Posts by Plasmon_attack

1) Message boards : Number crunching : Server refuses to send more work (Message 74434)
Posted 15 Nov 2012 by Plasmon_attack
Post:
I have a 64 bit win7 machine that I updated with the correct software this morning. I only got 8 tasks (I have 16 cores) and all completed just fine and have been reported. However, the server refuses to send any more work (reached daily quota of 8 results). I've detached and reattached to the project, but it still won't send anything and is deferring communication for 9 hours. Why is this computer limited to 8 tasks/day when my other ones aren't? This machine COULD do >100 tasks/day but work needs to be sent. I know sometimes if a computer sends in too many bad work units (I tried adding this computer yesterday and 8 work units ended with computation errors) it gets stalled but since it's returned good ones now why the withholding? Thoughts?
2) Message boards : Number crunching : High priority jobs getting out of control (Message 71045)
Posted 13 Aug 2011 by Plasmon_attack
Post:
Thanks all...Rosetta is allowed access to all the memory, it's left in memory while suspended, etc. I've seen it get hung up before with memory limits so I've opened the bore wide and the system has plenty of overhead. I am noticing a mix of 3 hour and 7 hour tasks going by so I think it's getting confused about how long things are going to take. The work units its jumping to are the longer-running units, and it's skipping over the shorter units to do it. Also running on the most recent version of Boinc. I think it's just the switchign around. Looks like it'll miss the deadline on a few so we'll be able to see what happens if they're returned slightly late.
3) Message boards : Number crunching : High priority jobs getting out of control (Message 71009)
Posted 10 Aug 2011 by Plasmon_attack
Post:
Thanks all, interesting discussion. For the questions about settings I don't know what you mean by 'default run time' and how to raise or lower. This computer is on 24/7, has unrestricted access to the cores, and is rarely paused. It's the only project I run so there's no switching between apps. The idea about the estimated run times being off seems plausible. I did see a lot of the short workunits go by, and then I had a batch that was taking more like 6-7 hours to complete for a while, so I could see the estimator getting confused. It's just weird that it high prioritizes work units due LATER than the earlier ones. I would be worried about not finishing work units due on the 11th and prioritize them more than ones due on the 15th.

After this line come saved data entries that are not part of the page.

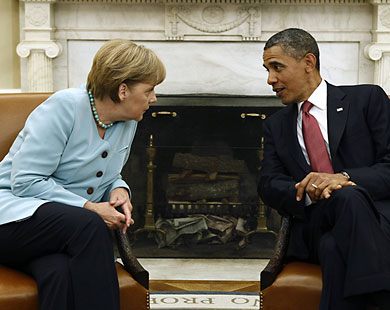 قال منظمو مزاد علني ألماني أنه سيتم طرح الكراسي الثلاثة التي جلس عليها كل من الرئيس الأميركي باراك أوباما، والمستشارة الألمانية أنجيلا ميركل، وعمدة برلين كلاوس فوفيرايت، خلال زيارة أوباما الأخيرة لألمانيا، للبيع في مزاد علني.
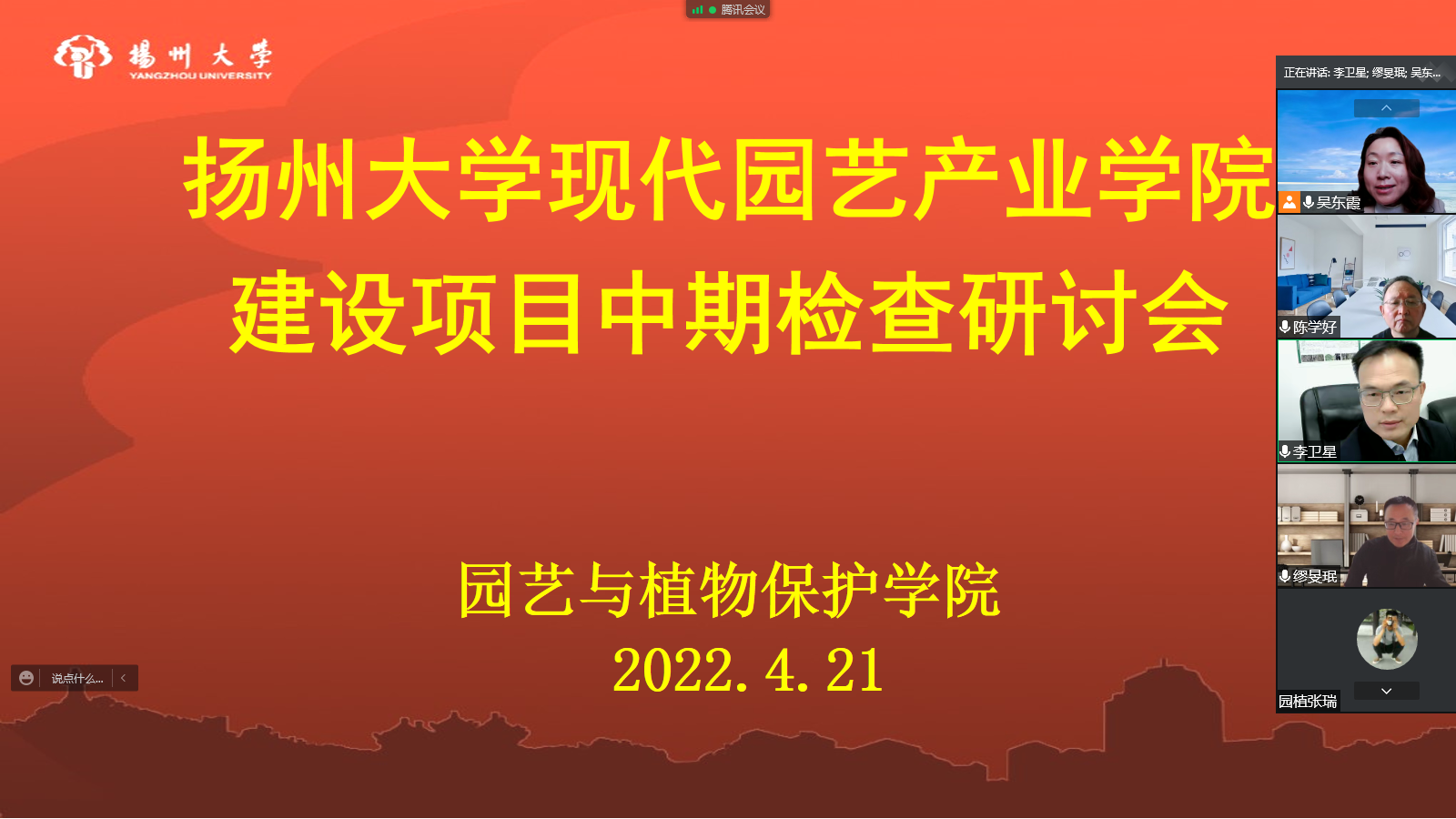 为切实推进产业学院建设,4月21日下午,我院以线上方式召开了扬州大学现代园艺产业学院建设项目中期检查研讨会。院党委书记、副院长(主持工作)李卫星、院党委副书记周超、产业学院院长陈学好以及王莉、齐晓花参加了会议。会议由副院长吴东霞主持。
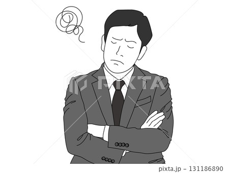 一位憂心忡忡的商人雙臂交叉的插圖,正面圖,單色
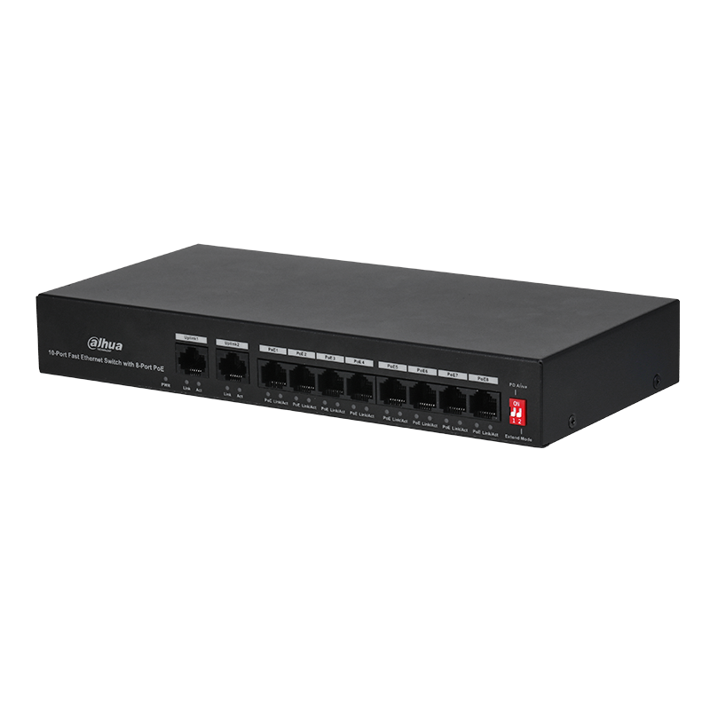 - Ethernet портове 8 × RJ-45 10/100 Mbps (PoE), 2 × RJ-45 10/100 Mbps (Uplink)
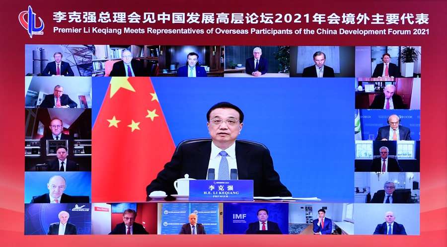 3月22日,國務(wù)院總理李克強在北京人民大會堂以視頻方式會見出席中國發(fā)展高層論壇2021年年會的境外代表。新華社記者 申宏 攝
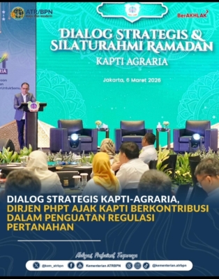 Tegarnews.co.id – Jakarta, 9 Maret 2026 |Direktur Jenderal Penetapan Hak dan Pendaftaran Tanah (Dirjen PHPT) Kementerian Agraria dan Tata Ruang/Badan Pertanahan Nasional (ATR/BPN), Asnaedi, memberikan sambutan dalam acara Dialog Strategis dan Silaturahmi Ramadan KAPTI-AGRARIA pada Jumat (06/03/2026). Di kesempatan ini, ia mengajak para profesional dan alumni di bidang agraria/pertanahan untuk ikut berkontribusi dalam penguatan regulasi […]
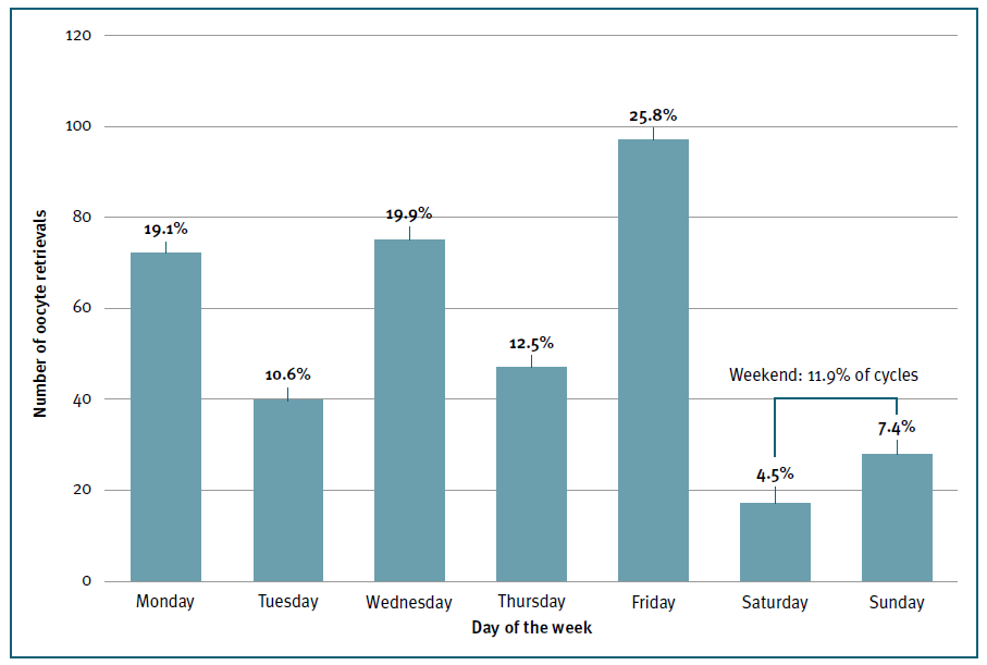 Figure 2 Frequency distribution of oocyte retrieval by day of the week. Y axis represents the absolute number of oocyte retrievals. X axis represents each day of the week. Relative percentages of the overall total number of oocyte retrievals are represented on the top of each column.
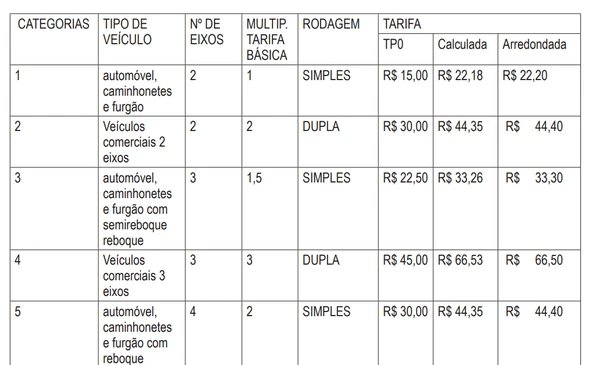O aumento foi oficializado e publicado no Diário Oficial do Estado (DOE) também nesta sexta-feira. Com a alteração, a tarifa básica para veículos de passeio, que antes era de R$ 21,05, agora custa R$ 22,17.
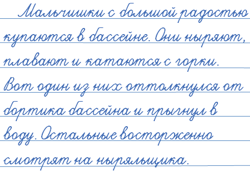 Ребята купаются в бассейне. Они плавают и ныряют в тёплой воде. Один мальчик умело прыгает в воду с бортика. В бассейн ведёт горка, и ребята с неё катаются. Дети соревнуются в плавании и умении задерживать дыхание под водой. Они радуются интересному дню.

I'll just leave the network off until it stabilizes. It won't be much longer now. The queue might've been 5 days but I've found that it usually finishes them 2-3 days earlier than expected. I have a computer at home set to 10 days because when there is a workunit shortage it's usually out in 3-4.
4) Message boards : Number crunching : High priority jobs getting out of control (Message 70991)
Posted 9 Aug 2011 by Plasmon_attack
Post:
Thanks all...I don't think it's a memory issue. The buffer is set to about 5 days (which is pretty reasonable given the length of recent outages)....it's got 16 cores and 16 GB of RAM and isn't running ANY other projects in addition to Rosetta. The 'time to completion' for the high priority tasks is about the same as the ones that have paused. Rosetta has full access to the memory and it's only showing about 8-10 GB used at any time, and with my apps open we don't hit the limit. All 16 cores crunch pretty much all the time, just once in a while these get out of whack. If I stop network communications for a little bit it seems to even out. I've seen this happen on other machines (like a Mac mini) where things are a bit less extreme. There are no error messages around this, just, "Pausing task, xx task is high priority" so I figured this might be coming from the server somehow.
5) Message boards : Number crunching : High priority jobs getting out of control (Message 70981)
Posted 9 Aug 2011 by Plasmon_attack
Post:
I've seen this behavior several times and wondering what causes it. Everything will run smoothly for a while, but then out of nowhere a large number of WUs will start running at high priority. Weirdly, these jobs are usually not due for some time (in the current case at least a week) and are crunched before jobs with earlier dates (in this case jobs due in 3 days). Who has high priority can also change while the job is running. At the current moment one of my machines has 110 partially completed work units (anywhere from 1% to 90% complete) that it has paused to run these high priority jobs. Here is an example for those who dig into the database:

Job:
2p9h_lac_sum_rest_LigDes_SAVE-ALL_OUT_29943_319_0 is hung up at 70% complete and due 8/11/2011 and 9:28 PM

Right above it is:
T0393_3d1l.pdb_boinc_symmetric_lr_symm_wangyr_IGNORE_THE_REST_29956_32531_0 which is now 85% complete and not due until 8/15/2011, 10:40 am.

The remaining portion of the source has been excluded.